■ **Work item**:
Look through the data below for the line with "女神表示自己也非常喜歡這款新" and the line with "Tenda de dossel", then transcribe exactly from the first through the second, leaving out all pictures.

■ **Data supplied**:
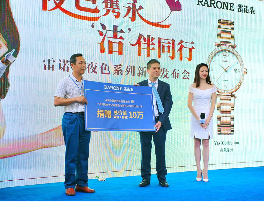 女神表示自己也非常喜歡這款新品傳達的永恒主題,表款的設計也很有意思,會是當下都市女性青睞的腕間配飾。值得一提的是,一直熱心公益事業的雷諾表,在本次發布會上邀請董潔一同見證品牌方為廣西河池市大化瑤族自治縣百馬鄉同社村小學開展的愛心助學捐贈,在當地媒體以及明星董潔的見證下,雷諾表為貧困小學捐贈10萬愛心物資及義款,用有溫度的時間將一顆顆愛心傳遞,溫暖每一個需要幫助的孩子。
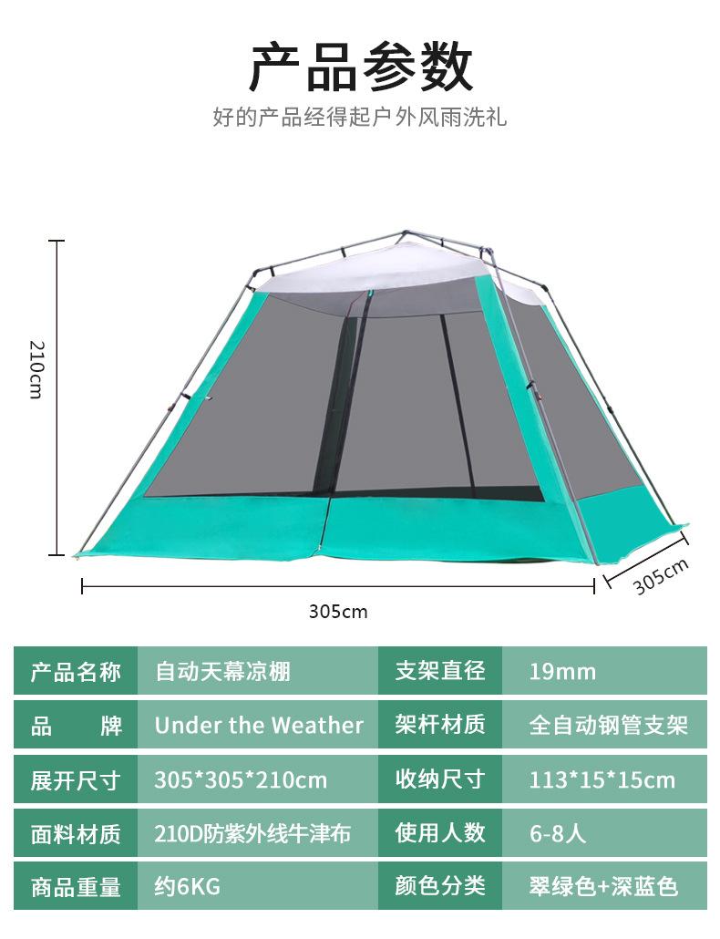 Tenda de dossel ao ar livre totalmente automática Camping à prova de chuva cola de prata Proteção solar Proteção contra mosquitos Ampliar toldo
* * *
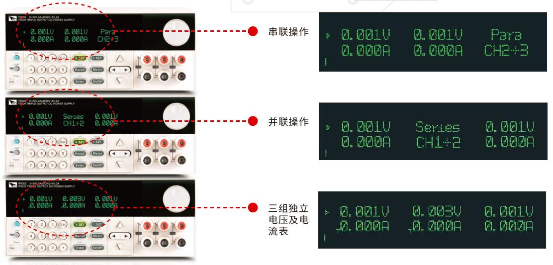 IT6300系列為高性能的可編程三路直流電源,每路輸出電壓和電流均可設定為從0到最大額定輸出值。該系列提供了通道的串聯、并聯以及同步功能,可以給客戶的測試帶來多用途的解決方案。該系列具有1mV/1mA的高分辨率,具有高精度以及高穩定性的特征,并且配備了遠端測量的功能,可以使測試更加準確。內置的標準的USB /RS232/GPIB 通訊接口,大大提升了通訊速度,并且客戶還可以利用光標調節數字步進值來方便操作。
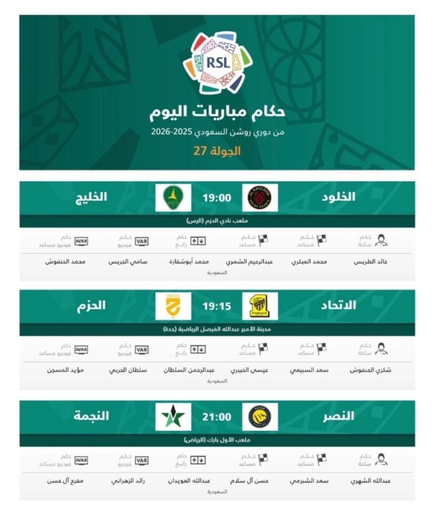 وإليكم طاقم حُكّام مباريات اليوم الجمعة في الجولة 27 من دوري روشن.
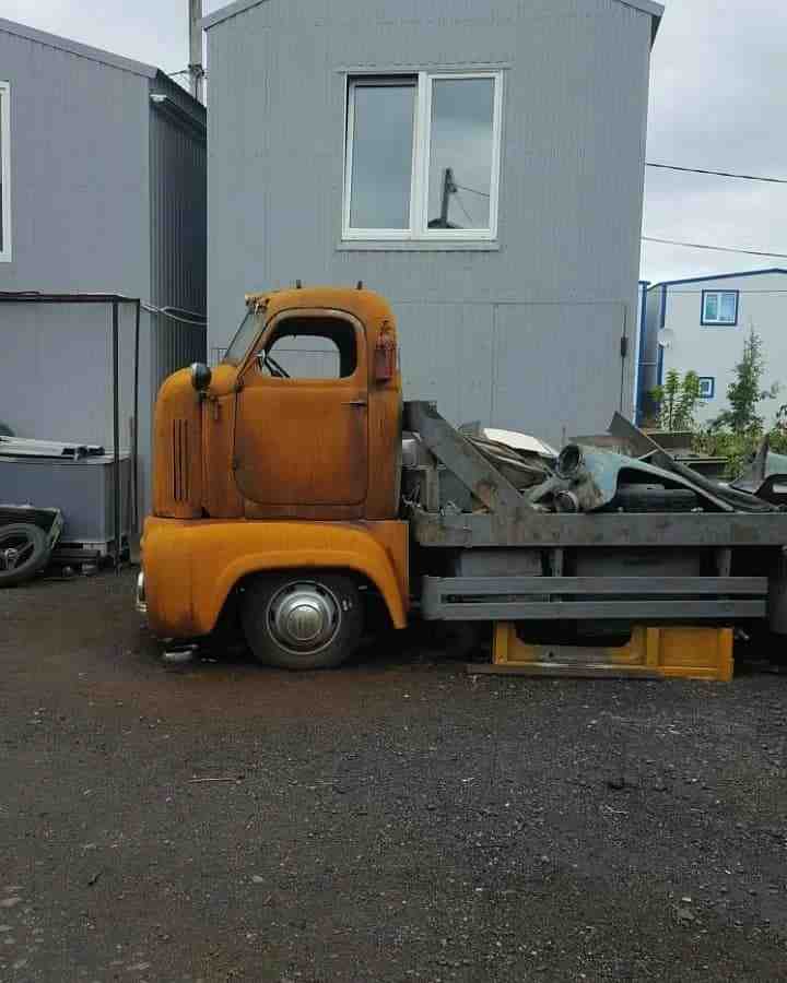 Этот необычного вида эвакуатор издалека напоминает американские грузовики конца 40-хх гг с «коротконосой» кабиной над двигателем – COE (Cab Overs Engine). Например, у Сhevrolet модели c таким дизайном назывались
* * *
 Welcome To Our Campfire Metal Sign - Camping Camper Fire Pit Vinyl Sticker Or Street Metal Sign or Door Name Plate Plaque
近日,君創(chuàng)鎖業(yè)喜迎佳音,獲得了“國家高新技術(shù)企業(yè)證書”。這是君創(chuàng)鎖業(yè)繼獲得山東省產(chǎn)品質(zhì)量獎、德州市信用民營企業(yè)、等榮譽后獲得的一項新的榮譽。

■ **Response**:
 女神表示自己也非常喜歡這款新品傳達的永恒主題,表款的設計也很有意思,會是當下都市女性青睞的腕間配飾。值得一提的是,一直熱心公益事業的雷諾表,在本次發布會上邀請董潔一同見證品牌方為廣西河池市大化瑤族自治縣百馬鄉同社村小學開展的愛心助學捐贈,在當地媒體以及明星董潔的見證下,雷諾表為貧困小學捐贈10萬愛心物資及義款,用有溫度的時間將一顆顆愛心傳遞,溫暖每一個需要幫助的孩子。
 Tenda de dossel ao ar livre totalmente automática Camping à prova de chuva cola de prata Proteção solar Proteção contra mosquitos Ampliar toldo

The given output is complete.